■ **WHAT THE TASK REQUIRES**
Skip pictures in the listing below; copy exactly the lines from the one with "Bangles & Bracelet" through the one with "11月6日,校区(学院)与泰", inclusive.

■ **RECORDS SHOWN**
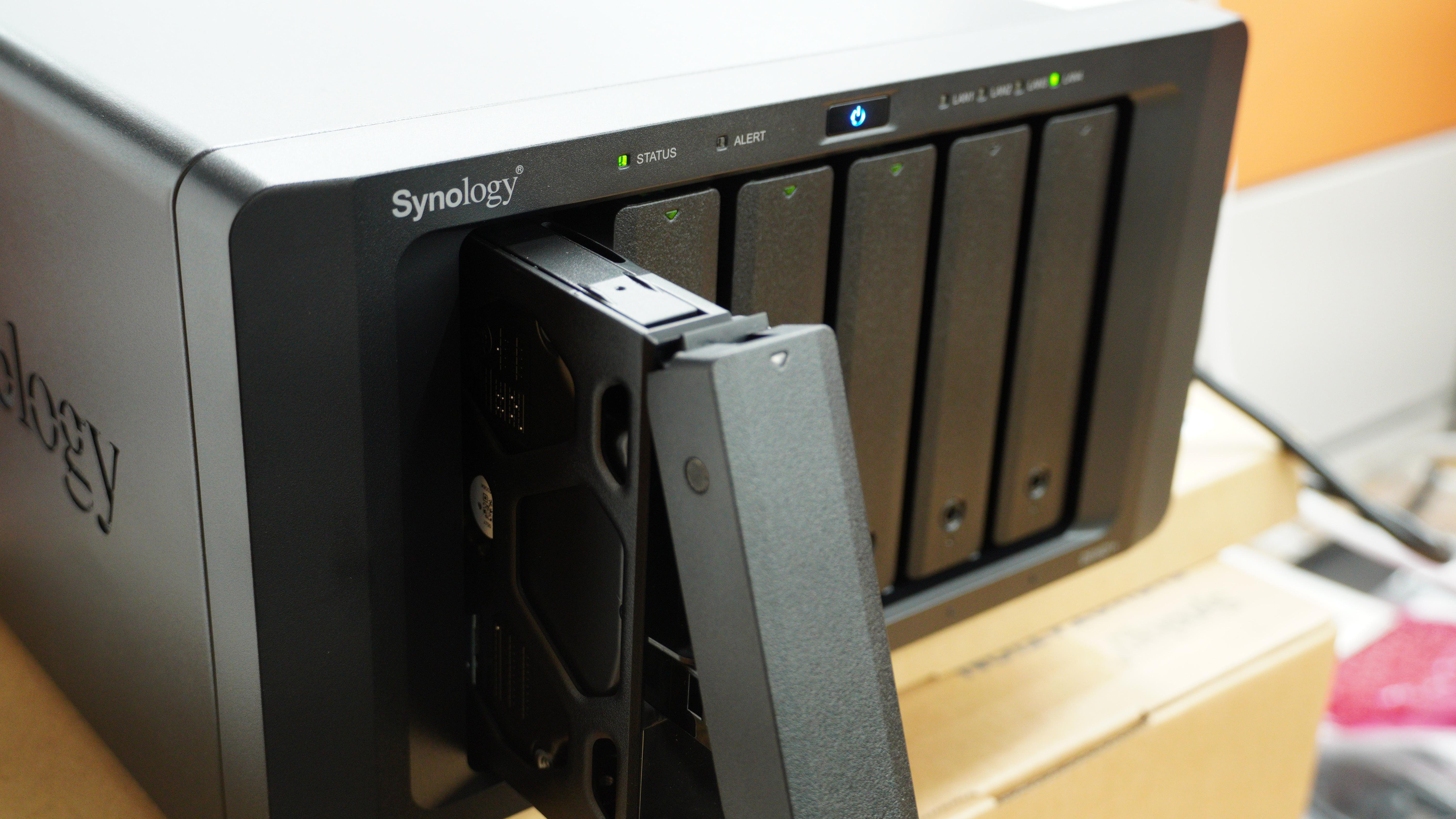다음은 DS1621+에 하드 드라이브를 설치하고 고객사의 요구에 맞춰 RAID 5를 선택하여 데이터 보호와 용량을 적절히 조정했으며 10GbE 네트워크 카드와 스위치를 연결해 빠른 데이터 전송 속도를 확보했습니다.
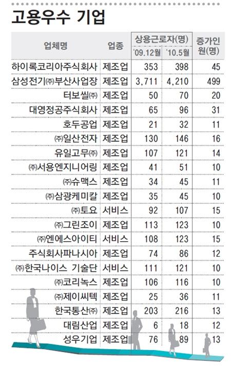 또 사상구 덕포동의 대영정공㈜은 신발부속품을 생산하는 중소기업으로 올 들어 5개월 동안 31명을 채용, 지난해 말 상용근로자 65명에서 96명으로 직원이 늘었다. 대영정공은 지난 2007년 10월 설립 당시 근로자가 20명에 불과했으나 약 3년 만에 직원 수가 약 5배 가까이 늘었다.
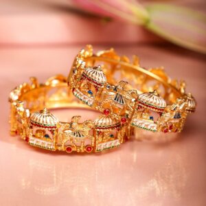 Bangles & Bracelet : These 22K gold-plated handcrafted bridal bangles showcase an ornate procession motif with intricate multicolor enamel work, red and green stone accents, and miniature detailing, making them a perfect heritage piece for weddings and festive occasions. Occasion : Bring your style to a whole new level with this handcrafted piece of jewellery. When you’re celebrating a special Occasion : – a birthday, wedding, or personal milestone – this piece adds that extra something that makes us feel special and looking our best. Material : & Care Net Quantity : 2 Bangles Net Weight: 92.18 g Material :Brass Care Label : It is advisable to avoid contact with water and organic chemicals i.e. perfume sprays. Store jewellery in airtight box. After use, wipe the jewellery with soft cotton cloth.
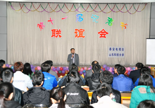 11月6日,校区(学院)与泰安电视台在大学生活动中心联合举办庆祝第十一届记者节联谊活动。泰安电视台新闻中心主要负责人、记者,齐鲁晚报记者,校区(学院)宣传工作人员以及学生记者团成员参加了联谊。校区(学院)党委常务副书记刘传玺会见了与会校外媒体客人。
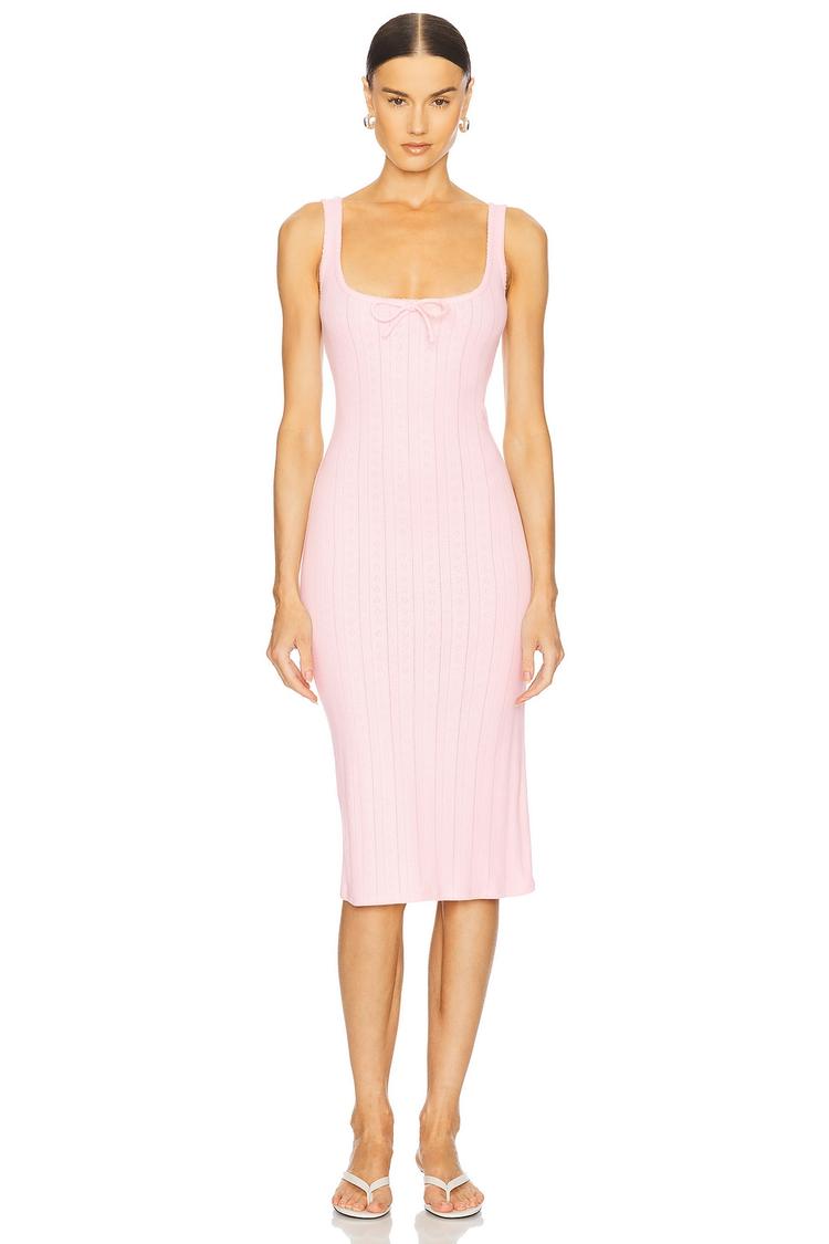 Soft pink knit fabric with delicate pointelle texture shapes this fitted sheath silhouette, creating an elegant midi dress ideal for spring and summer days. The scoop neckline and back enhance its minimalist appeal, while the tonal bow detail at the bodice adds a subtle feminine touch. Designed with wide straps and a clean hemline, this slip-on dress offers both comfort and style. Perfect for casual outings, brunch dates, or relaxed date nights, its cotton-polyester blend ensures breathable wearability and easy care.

■ **YOUR SOLUTION**
 Bangles & Bracelet : These 22K gold-plated handcrafted bridal bangles showcase an ornate procession motif with intricate multicolor enamel work, red and green stone accents, and miniature detailing, making them a perfect heritage piece for weddings and festive occasions. Occasion : Bring your style to a whole new level with this handcrafted piece of jewellery. When you’re celebrating a special Occasion : – a birthday, wedding, or personal milestone – this piece adds that extra something that makes us feel special and looking our best. Material : & Care Net Quantity : 2 Bangles Net Weight: 92.18 g Material :Brass Care Label : It is advisable to avoid contact with water and organic chemicals i.e. perfume sprays. Store jewellery in airtight box. After use, wipe the jewellery with soft cotton cloth.
 11月6日,校区(学院)与泰安电视台在大学生活动中心联合举办庆祝第十一届记者节联谊活动。泰安电视台新闻中心主要负责人、记者,齐鲁晚报记者,校区(学院)宣传工作人员以及学生记者团成员参加了联谊。校区(学院)党委常务副书记刘传玺会见了与会校外媒体客人。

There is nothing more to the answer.